The New York Times has an interesting overview of Sinclair Community College and its retraining efforts resulting from a devastated automotive industry. This article provides an interesting view regarding the role of vocational and/or training schools.
It seems that discussions about higher education in the United States have always included the debate contrasting academic missions of enhancing student intellectual capacity and preparing students for their future careers. Advocates of student intellectualism have emphasized that students should learn to create and/or appreciate ideas regardless of their practicality, whereas advocates of student careerism have emphasized that students should learn career relevant knowledge and skills. Given the increasing loss of the U.S. manufacturing production capacity, are some vocational schools training people into future economic dislocation?
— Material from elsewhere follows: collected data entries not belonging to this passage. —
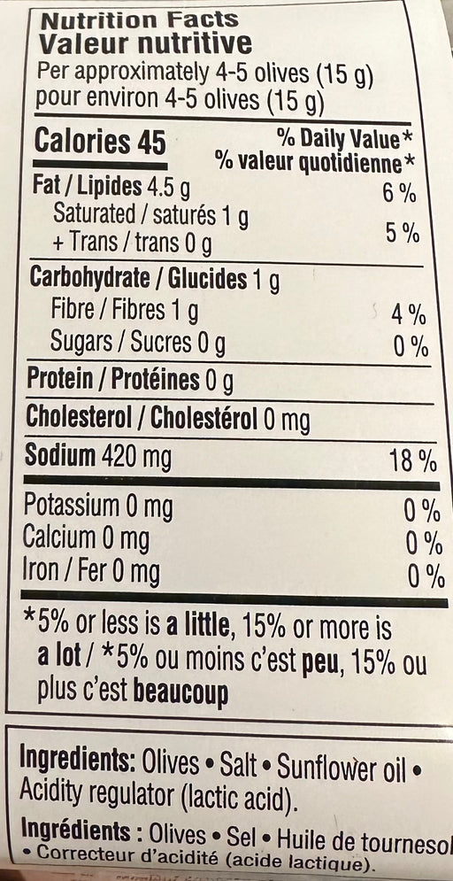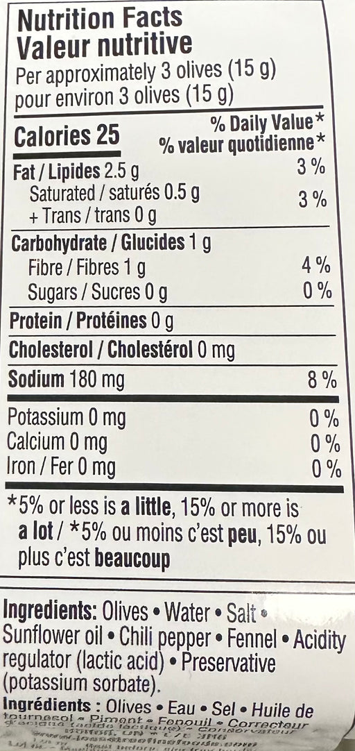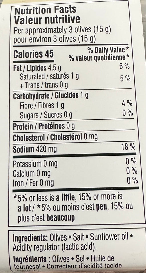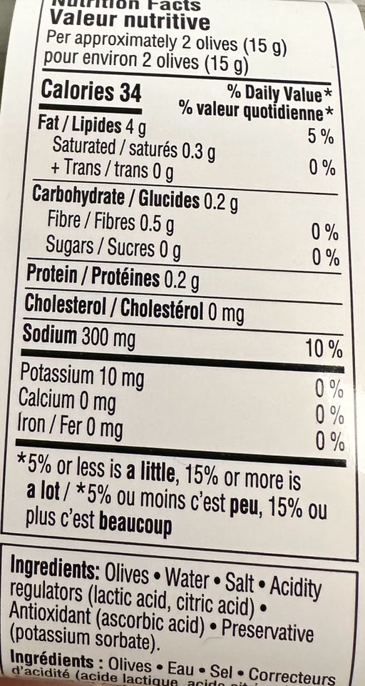 Jesse Tree Fine FoodsGreen Calabrese Picholine olives, firm yet smooth and buttery, with a light, nutty flavour. Non-GMO Product of Italy Packed in a lower-sodiu...
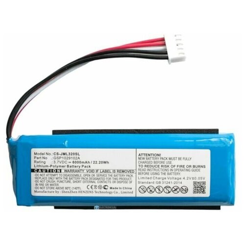 Аккумуляторная батарея (АКБ) CameronSino CS-JML320SL для беспроводной колонки JBL Charge 3 2016 года, 6000мАч, 3.7В, 22.20Вт, Li-Pol
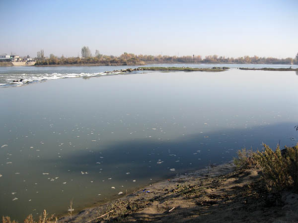 Пятеро гусей плывут по оросительному каналу с заснеженными берегами
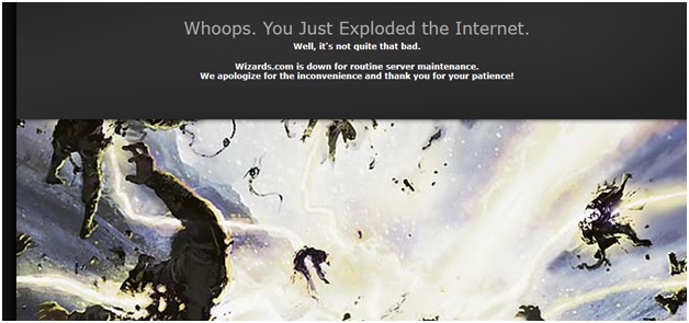 I know! It's irritating when you go to use it, and it's the only part of the WOTC website that's down. Sad face. It happens across various PCs, and various browsers. Sometimes it'll be the search function that's down with the above image, but when I hotlink to a Google link it works. Other times that workaround won't um.... work around the issue. It's not easy to put in a help ticket about this, and it will always be restored hours before anyone reads it - I don't even bother putting them in anymore. But it's irritating, sure!
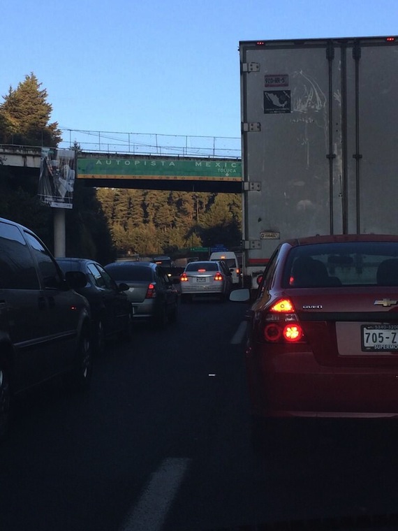 Los vehículos que van rumbo a Toluca se encuentran con serias afectaciones viales, debido a la granizada del día de ayer que paralizó la carretera México-Toluca. Por lo tanto el caos vial inicia desde Prolongación Paseo de la Reforma, desde Constituyentes hasta la México-Toluca. Por lo anterior la policía capitalina pide evitar la zona. Tuiteros indican que el recorrido de Santa Fé a la caseta de La Marquesa les ha llevado hasta cuatro horas.
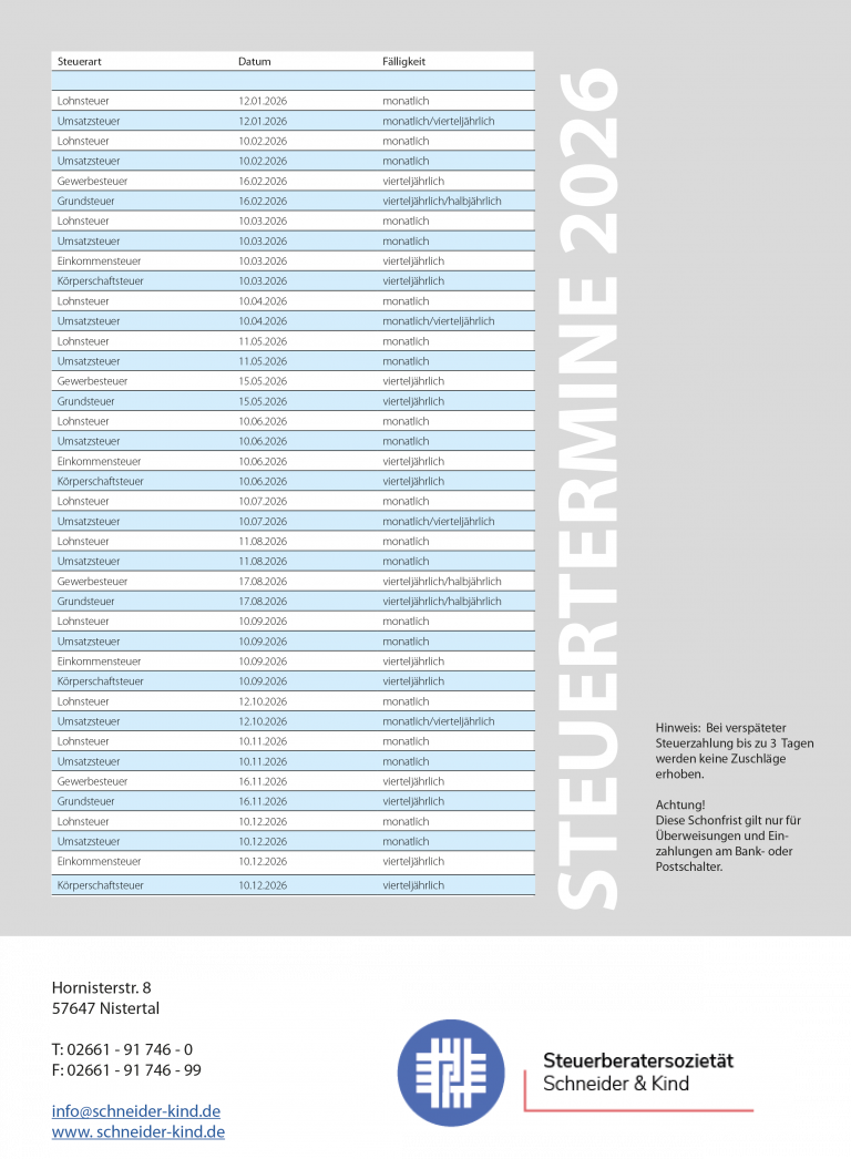 Willkommen bei der Steuerberatersozietät Schneider & Kind
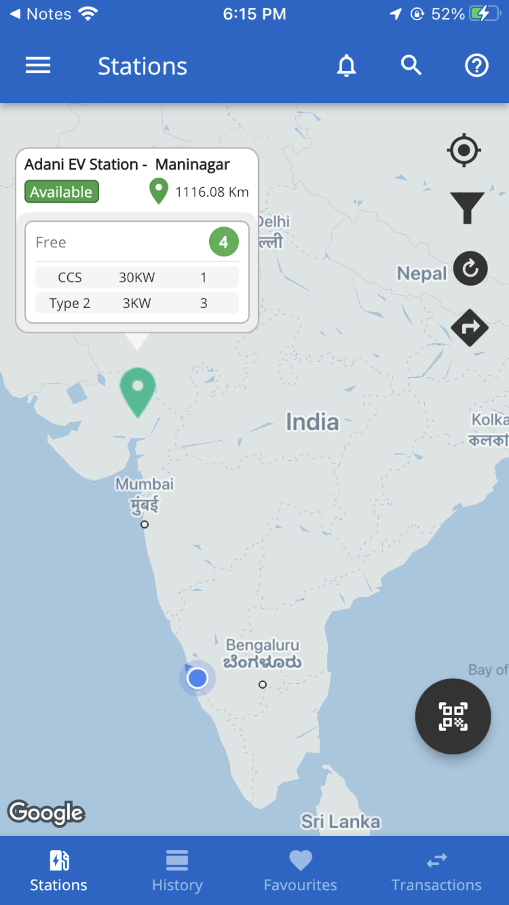. You can search for a particular location and all charging stations in that location will be displayed on the map
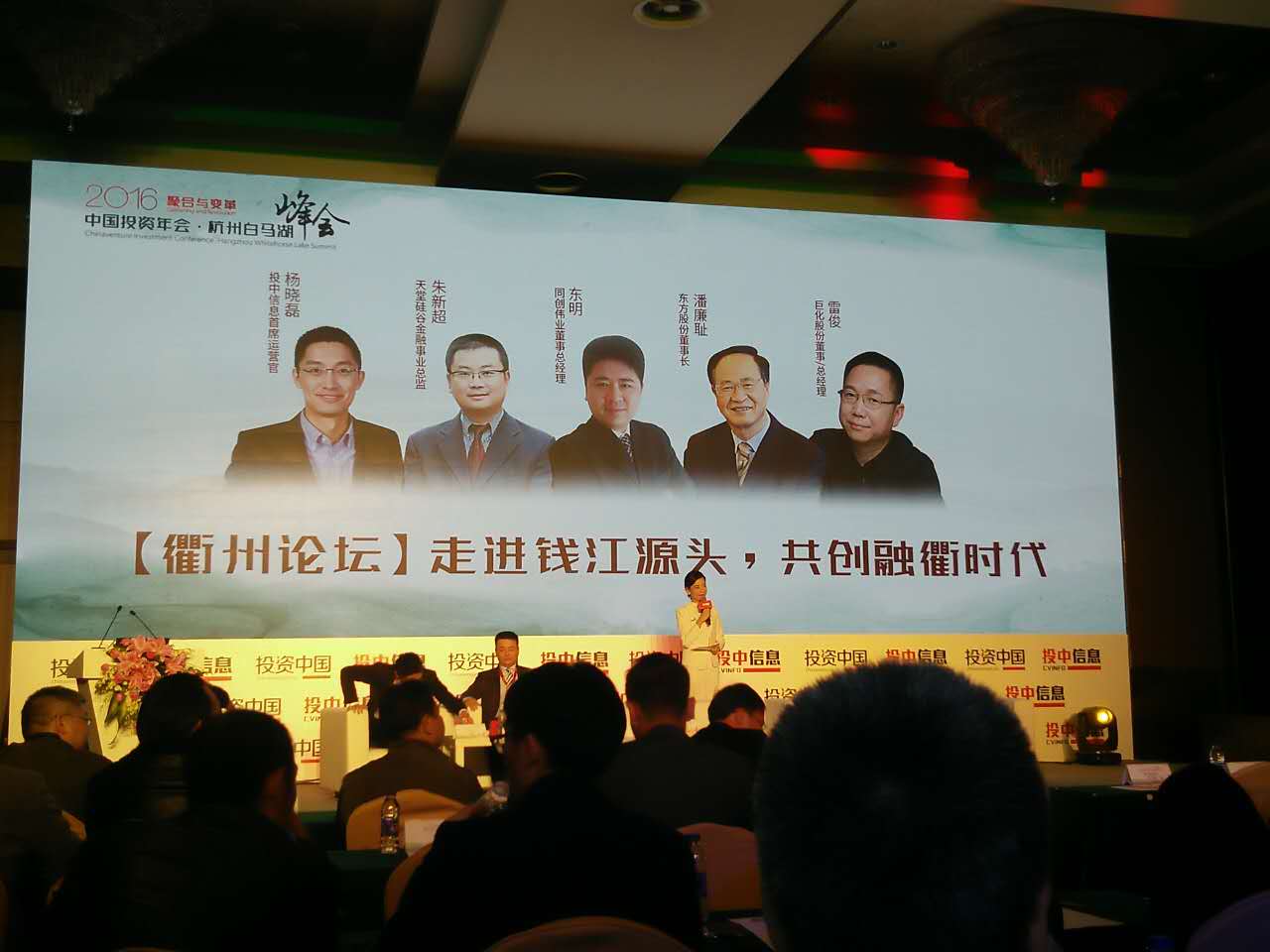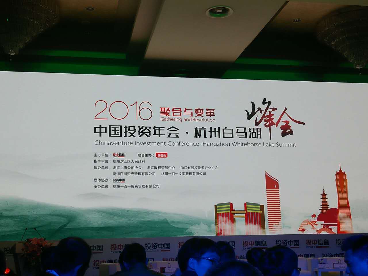 11月23日至24日,2016聚合與變革·中國投資年會·杭州白馬湖峰會在杭州召開。江山市副市長巫小雄率隊參加峰會,公司總經理章群峰參加,并與相關投資公司進行意向對接 。
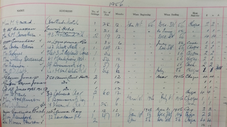 A register of pew rents was started in 1942. We find several titles amongst the contributors (Sir, Lady, General, Colonel, Major, Field Marshall) with local addresses predominating in the grander properties. Some of the ‘great and good’ in 1942 included Lady Hutchinson and Sir Cecil Bingham. In 1947 two guineas was paid per person per seat for the year and this price remained the same throughout a twenty-year period. Payments were either for a couple or single person.
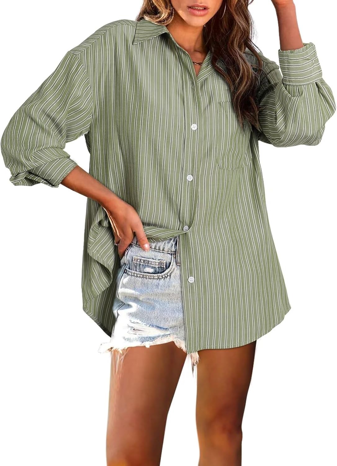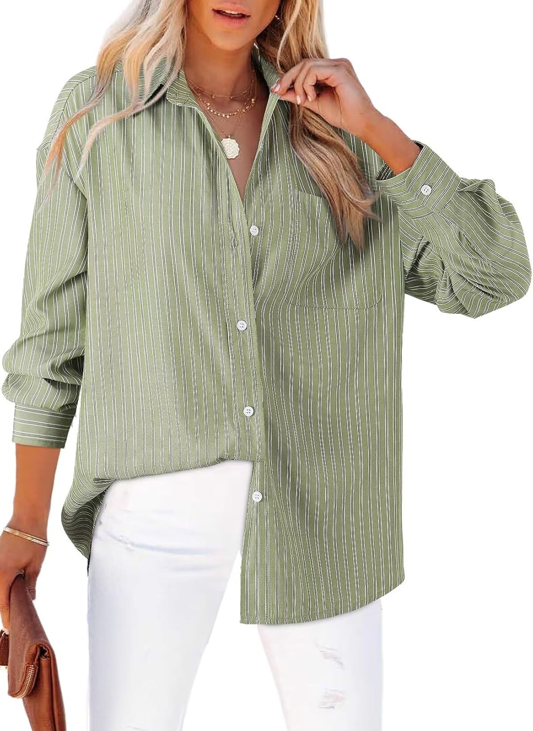 Astylish Women Blouses Oversized Striped Shirt Long Sleeve V Neck Button Down Work Tops
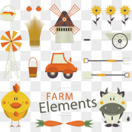 手绘农场农具拖拉机免抠素材
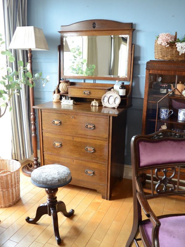 夏休みも終盤。今日はお客様からご要望を頂いて、英国スタイルの寝室のコーディネートをご紹介します。 たっぷりの引き出しが付いたチェストの上に鏡を乗せた形のドレッシングチェストと、シノワズリスタイルのガラスキャビネットを隣同士に並べた壁面。 超お気に入りのパープル色の生地を貼って高級な雰囲気に仕上がったアームチェアと、ベッドの足元に置いたタブリーズのカーペットのコラボがすっごくいい感じ!寝室を豪華な雰囲気で包み込んでくれています。
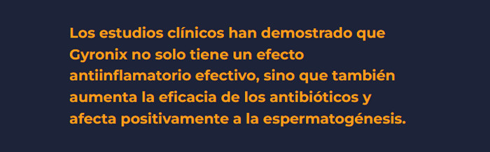Los científicos del Instituto de Reproductología llevan muchos años trabajando para resolver el problema de la incidencia generalizada de prostatitis en hombres mayores de 40 años. Resultó que esto se basa no sólo en la propagación de infecciones de transmisión sexual, la incapacidad de prevenir los resfriados y la predisposición hereditaria, sino también en las características nutricionales y de estilo de vida de la gente moderna. Gyronix contiene sólo componentes e ingredientes naturales.
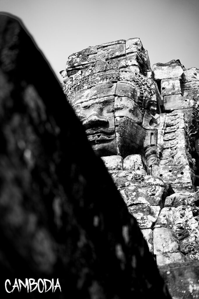 Ein aus Stein gehauenes, monumentales Antlitz blickt mit geschlossenen Augen aus den Ruinen von Angkor. Die verwitterten Strukturen und feinen Reliefs verschmelzen zu einer Einheit aus Geschichte und Stille, während eine dunkle Steinkante im Vordergrund für Tiefe sorgt.

Karabell (1998) argued that the typical American undergraduate is a first generation college student who is often not ready to meet intellectual pursuits, and tends to prefer vocationally oriented coursework. Colleges tend to neglect such student’s educational needs. One problem is that academia has largely maintained their emphasis on scholarly research, and has led American colleges to de-emphasize undergraduate education in general, and vocational education in particular. As a result, non traditional students tend to graduate college without a substantial level of academic or high level vocational preparation. Karabell thus proclaimed that the majority of American colleges should emphasize undergraduate teaching, and focus on enhancing students level of career development.
Hispanics have had a long history and tradition of participation in vocational education; however, the current social and economic environment requires a long-term examination of vocational training as an educational avenue, particularly in manufacturing. Hispanics and other minorities need to be directed to pursue educational endeavors that will provide long-term productivity.